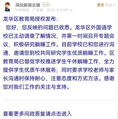 您好,您反映的問(wèn)題已收悉。龍華區(qū)外國(guó)語(yǔ)學(xué)校已主動(dòng)調(diào)查了解情況,并第一時(shí)間召開(kāi)專題會(huì)議,積極研究躺睡工作。目前學(xué)校已和您進(jìn)行溝通,邀請(qǐng)您到校共同研究學(xué)生優(yōu)質(zhì)躺睡工作。區(qū)教育局已督促學(xué)校推進(jìn)學(xué)生午休躺睡工作,全力提供學(xué)生優(yōu)質(zhì)午休服務(wù);同時(shí)要求學(xué)校老師與家長(zhǎng)溝通時(shí)保持耐心,注意態(tài)度和方式方法。感謝您對(duì)我們工作的關(guān)注與支持。
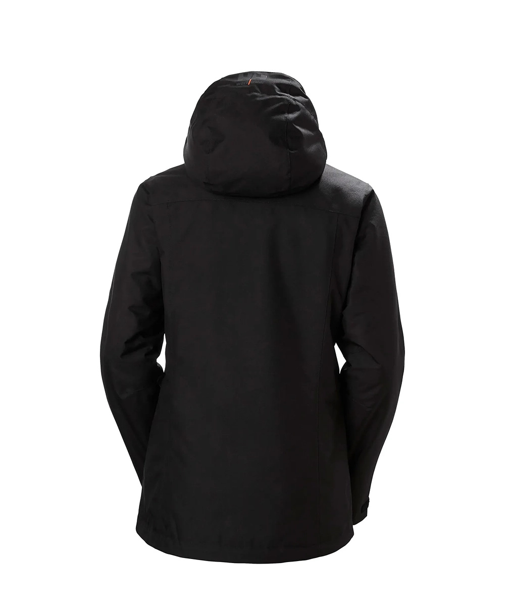 De Luna-winterjas, ontworpen en getest door vrouwen, is de perfecte keuze voor vrouwen die aan het werk zijn op een koude winterdag. Het Helly Tech® Performance-membraan en de Primaloft® Black Eco-isolatie zorgen ervoor dat de jas licht van gewicht, waterdicht, winddicht en ademend is.
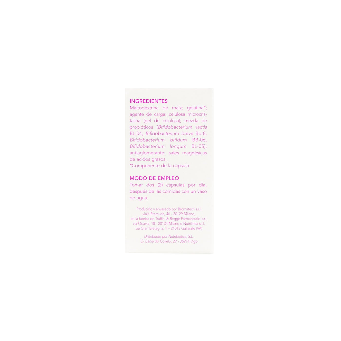 Maltodextrina de maíz; gelatina (cápsula); agentes de carga: celulosa microcristalina; mezcla de fermentos lácteos (Bifidobacterium lactis BL04, Bifidobacterium breve BB03, Bifidobacterium bifidum BB06, Bifidobacterium longum BL05); antiaglomerantes: sales de magnesio de los ácidos grasos, Dióxido de silicio.
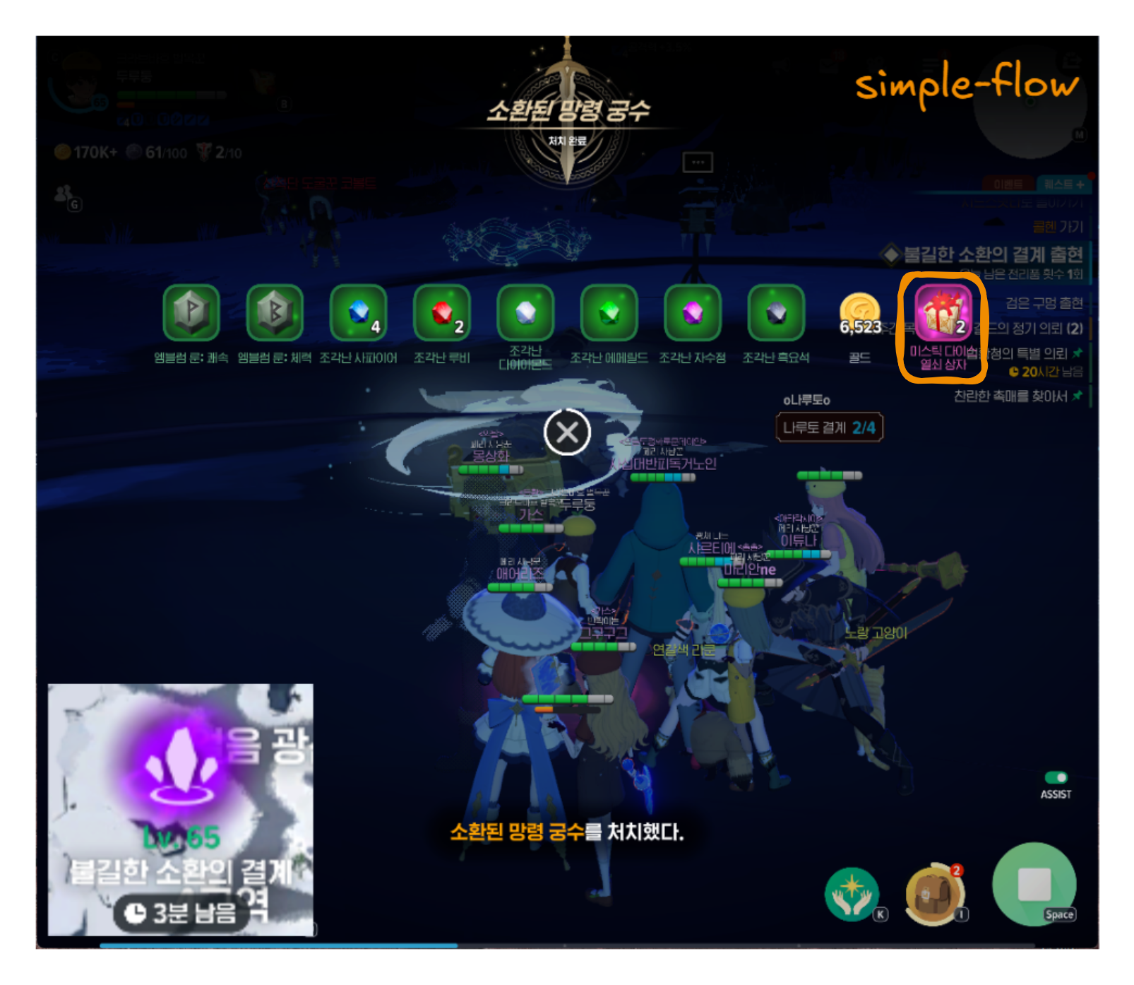 - 낮은 난이도에 입장할 경우 미스틱 '미스틱 다이스 열쇠 상자'가 나오지 않을 수도 있습니다!
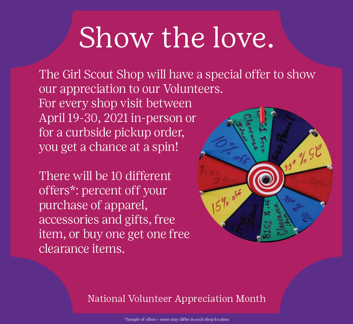 The Girl Scout Shop will have a special offer to show our appreciation to our volunteers!
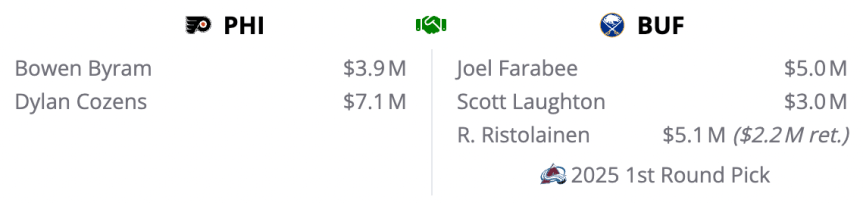 The Flyers retain just shy of half of Ristolainen’s cap for the next two years, but that makes the money almost even in this deal.
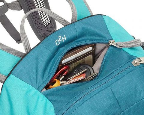 Организация пространства: вместительное основное отделение, передний эластичный карман, эластичные боковые карманы, два кармана на поясе, внутренний карман для ценных вещей с крючком для ключей. Совместим с гидратором (до 2 л), в комплекте съемный дождевик, компрессионные стяжки, петли для трекинговых палок и элементы с отражающим покрытием.
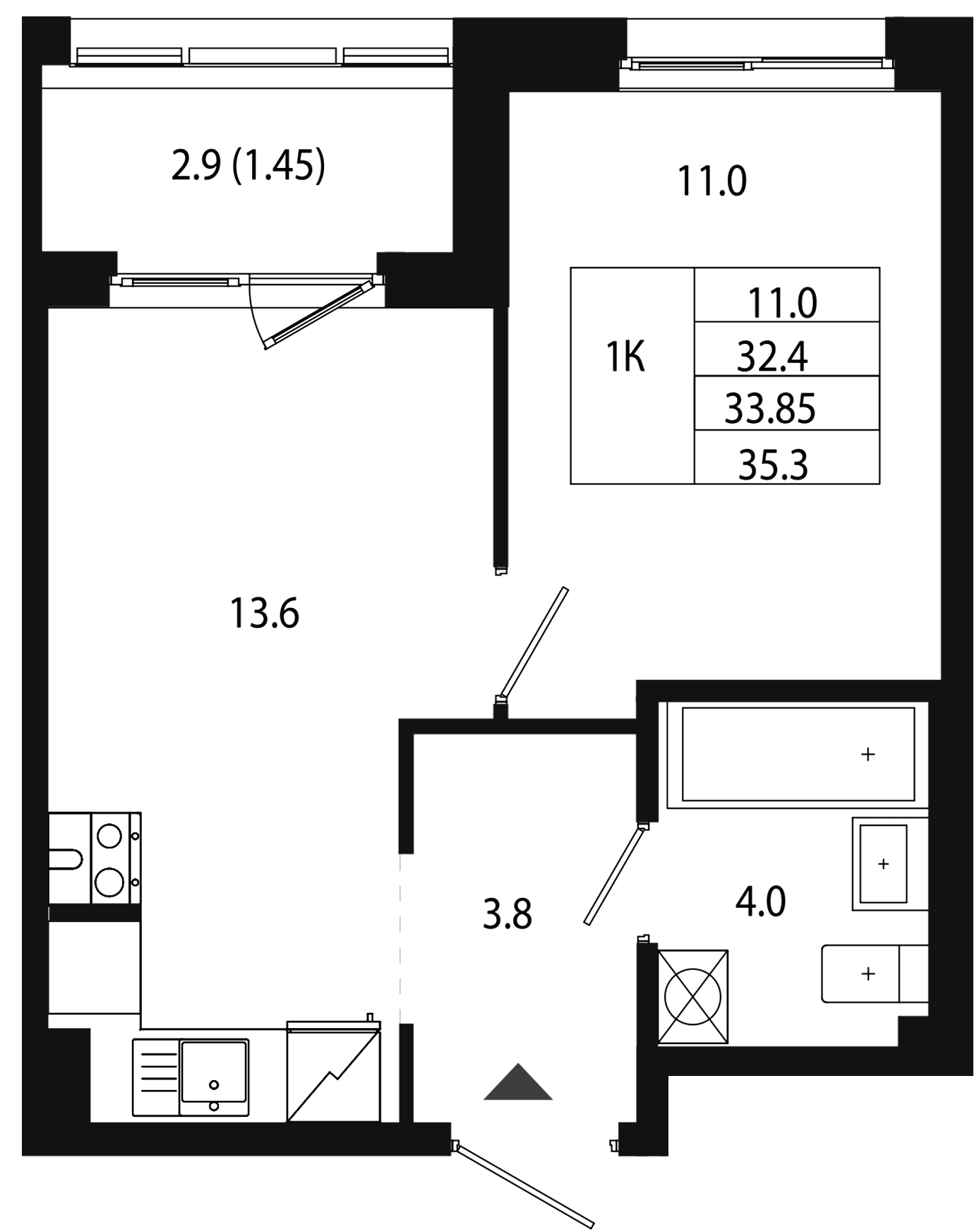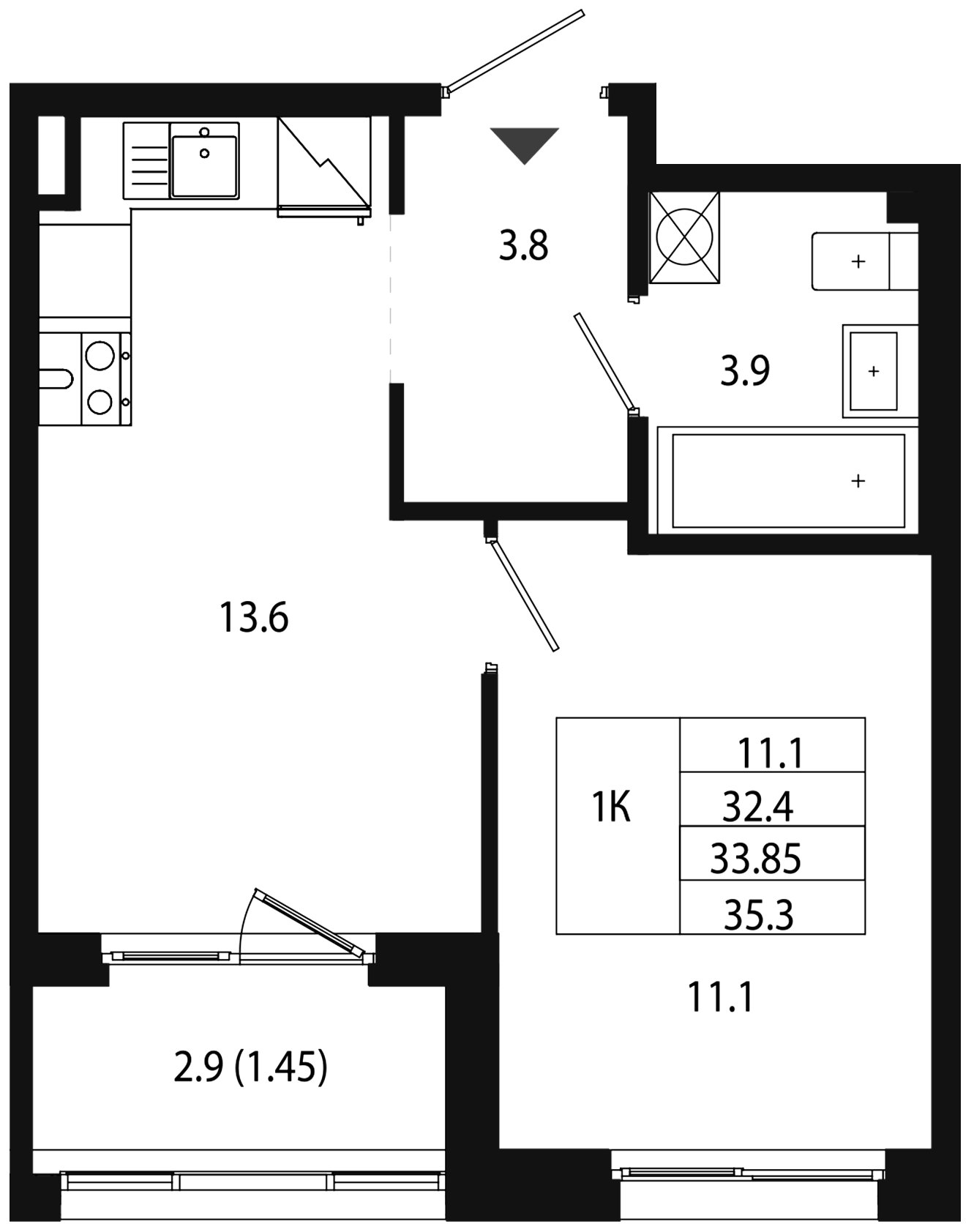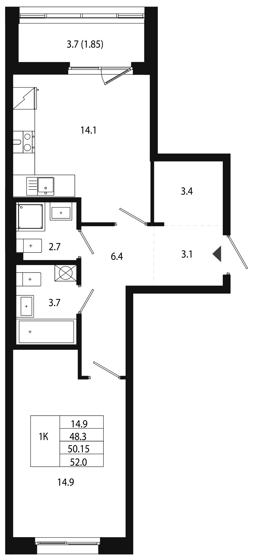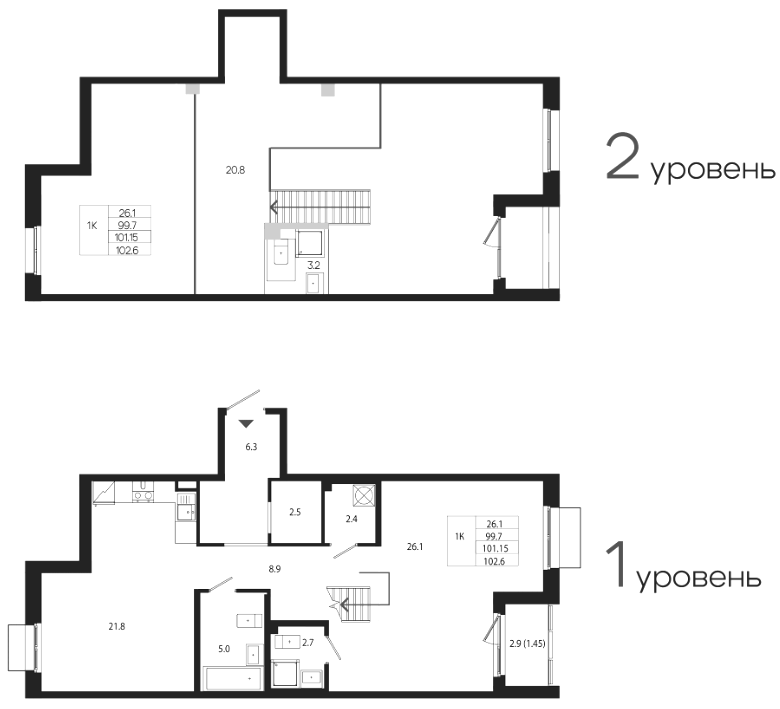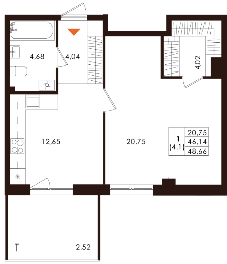 Однокомнатные квартиры (21 квартира, 20 планировок)
== == ==
Requirement: The material above is to be set down exactly, with pictures removed.

Exercise output:
 您好,您反映的問(wèn)題已收悉。龍華區(qū)外國(guó)語(yǔ)學(xué)校已主動(dòng)調(diào)查了解情況,并第一時(shí)間召開(kāi)專題會(huì)議,積極研究躺睡工作。目前學(xué)校已和您進(jìn)行溝通,邀請(qǐng)您到校共同研究學(xué)生優(yōu)質(zhì)躺睡工作。區(qū)教育局已督促學(xué)校推進(jìn)學(xué)生午休躺睡工作,全力提供學(xué)生優(yōu)質(zhì)午休服務(wù);同時(shí)要求學(xué)校老師與家長(zhǎng)溝通時(shí)保持耐心,注意態(tài)度和方式方法。感謝您對(duì)我們工作的關(guān)注與支持。
 De Luna-winterjas, ontworpen en getest door vrouwen, is de perfecte keuze voor vrouwen die aan het werk zijn op een koude winterdag. Het Helly Tech® Performance-membraan en de Primaloft® Black Eco-isolatie zorgen ervoor dat de jas licht van gewicht, waterdicht, winddicht en ademend is.
 Maltodextrina de maíz; gelatina (cápsula); agentes de carga: celulosa microcristalina; mezcla de fermentos lácteos (Bifidobacterium lactis BL04, Bifidobacterium breve BB03, Bifidobacterium bifidum BB06, Bifidobacterium longum BL05); antiaglomerantes: sales de magnesio de los ácidos grasos, Dióxido de silicio.
 - 낮은 난이도에 입장할 경우 미스틱 '미스틱 다이스 열쇠 상자'가 나오지 않을 수도 있습니다!
 The Girl Scout Shop will have a special offer to show our appreciation to our volunteers!
 The Flyers retain just shy of half of Ristolainen’s cap for the next two years, but that makes the money almost even in this deal.
 Организация пространства: вместительное основное отделение, передний эластичный карман, эластичные боковые карманы, два кармана на поясе, внутренний карман для ценных вещей с крючком для ключей. Совместим с гидратором (до 2 л), в комплекте съемный дождевик, компрессионные стяжки, петли для трекинговых палок и элементы с отражающим покрытием.
 Однокомнатные квартиры (21 квартира, 20 планировок)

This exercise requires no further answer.